The leaves get smaller and yellower, folding back toward the bud, and the air crisps. I see a raven by the side of the road, picking at a porcupine that’s been run over by a car, its quills like a huge burr, its guts pink and scrambled like eggs. I see the northern granite rock rising straight up out of the ground with the road cut through it. I see a raggedy lake with dead trees stuck into the marsh around the edges. A sawdust burner, a fire tower.

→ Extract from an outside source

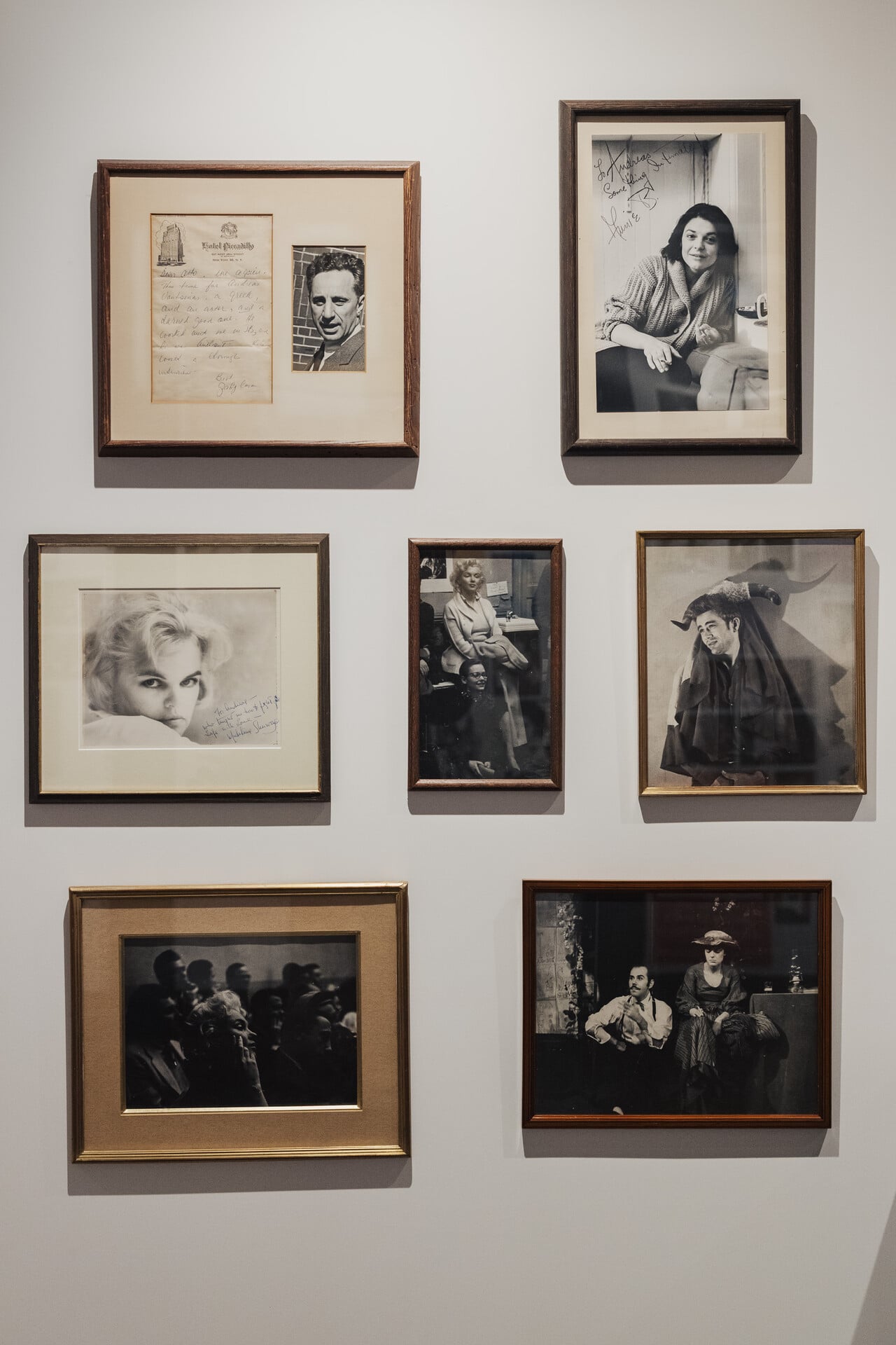 Στιγμιότυπα από το Actors Studio με αυθεντικές φωτογραφίες από τους χώρους και τα μαθήματα του Λι Στράσμπεργκ. Ανάμεσα στις φωτογραφίες, η Μονρόε και ο Τζέιμς Ντιν, αλλά και ο Βουτσινάς. Δίπλα σε φωτογραφία του Ελία Καζάν, μια επιστολή: «Σε θεωρώ ένα θαυμάσιο ταλέντο και θέλω να συνεργαστώ μαζί σου. Όμως πιστεύω πως αυτό που κάνεις τώρα είναι το σωστό: είμαι απολύτως πεπεισμένος ότι θα καταλήξεις να γίνεις ένας εξαιρετικός σκηνοθέτης κινηματογράφου. Και θεωρώ ότι το Παρίσι είναι η κατάλληλη σκηνή για σένα. Εκεί εκτιμάται το ύφος, εκτιμάται η φαντασία, εκτιμάται το ανοίκειο, εκτιμάται η ζωντάνια – και κατ’ αναλογία μπορείς να συμπεράνεις τι πιστεύω για τη Νότια Καλιφόρνια… Με εκτίμηση, Ελία». Φωτ.: Πάρις Ταβιτιάν/LIFO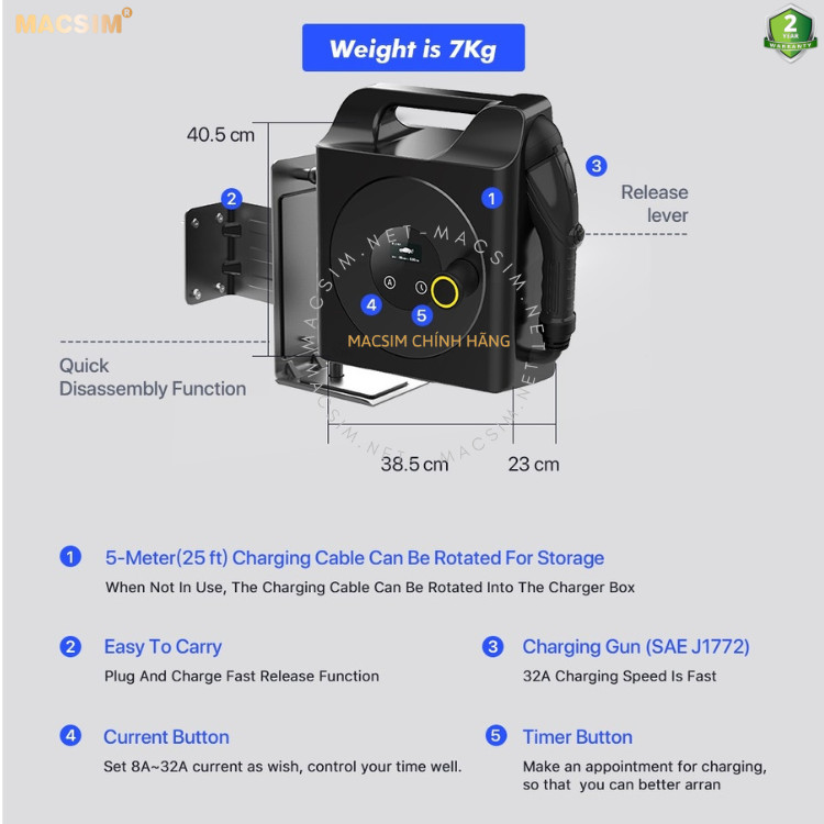 - 01 hộp caton chống sốc + 01 sách hướng dẫn sử dụng Bảo hành: Bộ sạc Macsim được thiết kế, phát triển và sản xuất một cách nghiêm ngặt, đồng thời bảo hành 2 năm theo tiêu chuẩn, giúp bạn yên tâm khi đầu tư. Bạn đi xe ô tô điện nhưng rất giống thợ sửa chữa điện nước, bởi trong xe ô tô của bạn lỉnh kỉnh bừa bộn đồ đạc dây dựa, dây tiếp địa lằng nhằng, bạn luôn phải gỡ rối dây sạc. Bạn cần một giải pháp và đang tìm kiếm bộ sạc ô tô điện gọn gàng tiện lợi an toàn, sạc tại nhà hoặc đi xa, với chức năng quấn gọn dây phích cắm, tích hợp sẵn tiếp địa, sạc có thể tự động phát hiện và điều chỉnh dòng 6A-10A-12A-16A phù hợp điện áp đang dùng, và các tính năng hữu dụng khác, thì sạc ô tô di động cao cấp macsim 3,68 kw 220v là sự lựa chọn tốt nhất trên thị trường sạc ô tô điện hiện nay.

Three Indians stand beside the road. They aren’t selling anything, no baskets and it’s too early for blueberries. They just stand there as if they’ve been doing it for a long time. They’re familiar to me but only as scenery. Do they see me as I stare at them out of the car window? Probably not. I’m a blur to them, one more face in a car that doesn’t stop. I have no claim on them, or on any of this. I sit in the back seat of the car that smells of gasoline and cheese, waiting for my parents, who are buying groceries. The car is beside a wooden general store, saggy and weathered gray, stuck together by the signs nailed all over the outside of it: BLACK CAT CIGARETTES, PLAYERS, COCA-COLA. This isn’t even a village, just a wide place in the highway, beside a bridge beside a river. Once I would have wanted to know the river’s name. Stephen stands on the bridge, dropping pieces of wood upstream, timing how long it takes them to come out the other side, calculating the rate of flow. The blackflies are out. Some of them are in the car, crawling up the window, jumping, crawling up again. I watch them do this: I can see their hunched backs, their abdomens like little black-red bulbs. I squash them against the glass, leaving red smears of my own blood.

I’ve begun to feel not gladness, but relief. My throat is no longer tight, I’ve stopped clenching my teeth, the skin on my feet has begun to grow back, my fingers have healed partially. I can walk without seeing how I look from the back, talk without hearing the way I sound. I go for long periods without saying anything at all. I can be free of words now, I can lapse back into wordlessness, I can sink back into the rhythms of transience as if into bed.

This summer we’re in a rented cabin on the north shore of Lake Superior. There are a few other cottages around, most of them empty; there are no other children. The lake is huge and cold and blue and treacherous. It can sink freighters, drown people. In a wind the waves roll in with the crash of oceans. Swimming in it doesn’t frighten me at all. I wade into the freezing water, watching my feet and then my legs go down into it, long and white and thinner than on land.

There’s a wide beach, and to one end of it a colony of boulders. I spend time among them. They’re rounded, like seals, only hard; they heat up in the sun, and stay warm in the evening when the air cools. I take pictures of them with my Brownie camera. I give them the names of cows. Above the beach, on the dunes, there are beach plants, fuzzy mulleins and vetch with its purple flowers and tiny bitter peapods, and grasses that will cut your legs; and behind that the forest, oak and moose maple and birch and poplar, with balsam and spruce among them. There’s poison ivy sometimes. It’s a secretive, watchful forest, though hard to get lost in, so close to the shore. Walking in the forest I find a dead raven. It’s bigger than they look alive. I poke it with a stick, turning it over, and see the maggots. It smells like rot, like rust, and, more strangely, like some sort of food I’ve eaten once but can’t remember. It’s black, but not like a color; more like a hole. Its beak is dingy, horn-colored, like old toenails. Its eyes are shriveled up.